> **Your assignment**: Print every record exactly.

> **Records shown**:
————————

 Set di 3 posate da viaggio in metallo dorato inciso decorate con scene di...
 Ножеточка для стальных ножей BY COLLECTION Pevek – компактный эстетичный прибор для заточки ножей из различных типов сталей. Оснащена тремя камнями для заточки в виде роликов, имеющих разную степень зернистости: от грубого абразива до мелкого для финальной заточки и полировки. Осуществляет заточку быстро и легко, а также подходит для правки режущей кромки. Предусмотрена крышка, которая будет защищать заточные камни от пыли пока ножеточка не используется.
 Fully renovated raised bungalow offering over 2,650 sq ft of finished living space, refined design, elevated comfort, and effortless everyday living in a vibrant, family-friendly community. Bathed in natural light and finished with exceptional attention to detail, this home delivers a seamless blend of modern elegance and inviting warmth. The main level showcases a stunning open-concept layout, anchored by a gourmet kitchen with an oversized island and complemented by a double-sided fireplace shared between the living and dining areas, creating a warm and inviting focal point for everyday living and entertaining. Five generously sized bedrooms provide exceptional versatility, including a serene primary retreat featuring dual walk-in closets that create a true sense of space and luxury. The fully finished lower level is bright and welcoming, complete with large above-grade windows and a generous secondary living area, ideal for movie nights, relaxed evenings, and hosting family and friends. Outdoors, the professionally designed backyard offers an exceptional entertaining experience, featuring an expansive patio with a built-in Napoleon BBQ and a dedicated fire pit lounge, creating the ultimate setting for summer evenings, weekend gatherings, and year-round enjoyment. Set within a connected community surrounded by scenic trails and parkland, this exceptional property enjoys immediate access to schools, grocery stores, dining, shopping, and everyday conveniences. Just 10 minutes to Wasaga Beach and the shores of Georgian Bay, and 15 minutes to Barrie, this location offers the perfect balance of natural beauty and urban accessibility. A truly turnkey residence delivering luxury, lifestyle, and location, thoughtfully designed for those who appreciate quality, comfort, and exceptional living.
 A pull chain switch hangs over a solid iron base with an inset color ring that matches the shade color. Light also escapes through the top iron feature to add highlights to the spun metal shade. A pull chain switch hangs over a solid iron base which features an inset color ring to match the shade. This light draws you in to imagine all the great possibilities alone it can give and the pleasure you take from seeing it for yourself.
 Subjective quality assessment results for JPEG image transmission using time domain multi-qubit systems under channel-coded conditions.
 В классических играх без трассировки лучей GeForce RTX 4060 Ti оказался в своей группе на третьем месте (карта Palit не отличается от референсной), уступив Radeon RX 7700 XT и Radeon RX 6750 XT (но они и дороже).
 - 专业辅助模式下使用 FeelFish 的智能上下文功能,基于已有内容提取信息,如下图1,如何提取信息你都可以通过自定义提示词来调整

————————

> **Exercise response**:
 Set di 3 posate da viaggio in metallo dorato inciso decorate con scene di...
 Ножеточка для стальных ножей BY COLLECTION Pevek – компактный эстетичный прибор для заточки ножей из различных типов сталей. Оснащена тремя камнями для заточки в виде роликов, имеющих разную степень зернистости: от грубого абразива до мелкого для финальной заточки и полировки. Осуществляет заточку быстро и легко, а также подходит для правки режущей кромки. Предусмотрена крышка, которая будет защищать заточные камни от пыли пока ножеточка не используется.
 Fully renovated raised bungalow offering over 2,650 sq ft of finished living space, refined design, elevated comfort, and effortless everyday living in a vibrant, family-friendly community. Bathed in natural light and finished with exceptional attention to detail, this home delivers a seamless blend of modern elegance and inviting warmth. The main level showcases a stunning open-concept layout, anchored by a gourmet kitchen with an oversized island and complemented by a double-sided fireplace shared between the living and dining areas, creating a warm and inviting focal point for everyday living and entertaining. Five generously sized bedrooms provide exceptional versatility, including a serene primary retreat featuring dual walk-in closets that create a true sense of space and luxury. The fully finished lower level is bright and welcoming, complete with large above-grade windows and a generous secondary living area, ideal for movie nights, relaxed evenings, and hosting family and friends. Outdoors, the professionally designed backyard offers an exceptional entertaining experience, featuring an expansive patio with a built-in Napoleon BBQ and a dedicated fire pit lounge, creating the ultimate setting for summer evenings, weekend gatherings, and year-round enjoyment. Set within a connected community surrounded by scenic trails and parkland, this exceptional property enjoys immediate access to schools, grocery stores, dining, shopping, and everyday conveniences. Just 10 minutes to Wasaga Beach and the shores of Georgian Bay, and 15 minutes to Barrie, this location offers the perfect balance of natural beauty and urban accessibility. A truly turnkey residence delivering luxury, lifestyle, and location, thoughtfully designed for those who appreciate quality, comfort, and exceptional living.
 A pull chain switch hangs over a solid iron base with an inset color ring that matches the shade color. Light also escapes through the top iron feature to add highlights to the spun metal shade. A pull chain switch hangs over a solid iron base which features an inset color ring to match the shade. This light draws you in to imagine all the great possibilities alone it can give and the pleasure you take from seeing it for yourself.
 Subjective quality assessment results for JPEG image transmission using time domain multi-qubit systems under channel-coded conditions.
 В классических играх без трассировки лучей GeForce RTX 4060 Ti оказался в своей группе на третьем месте (карта Palit не отличается от референсной), уступив Radeon RX 7700 XT и Radeon RX 6750 XT (но они и дороже).
 - 专业辅助模式下使用 FeelFish 的智能上下文功能,基于已有内容提取信息,如下图1,如何提取信息你都可以通过自定义提示词来调整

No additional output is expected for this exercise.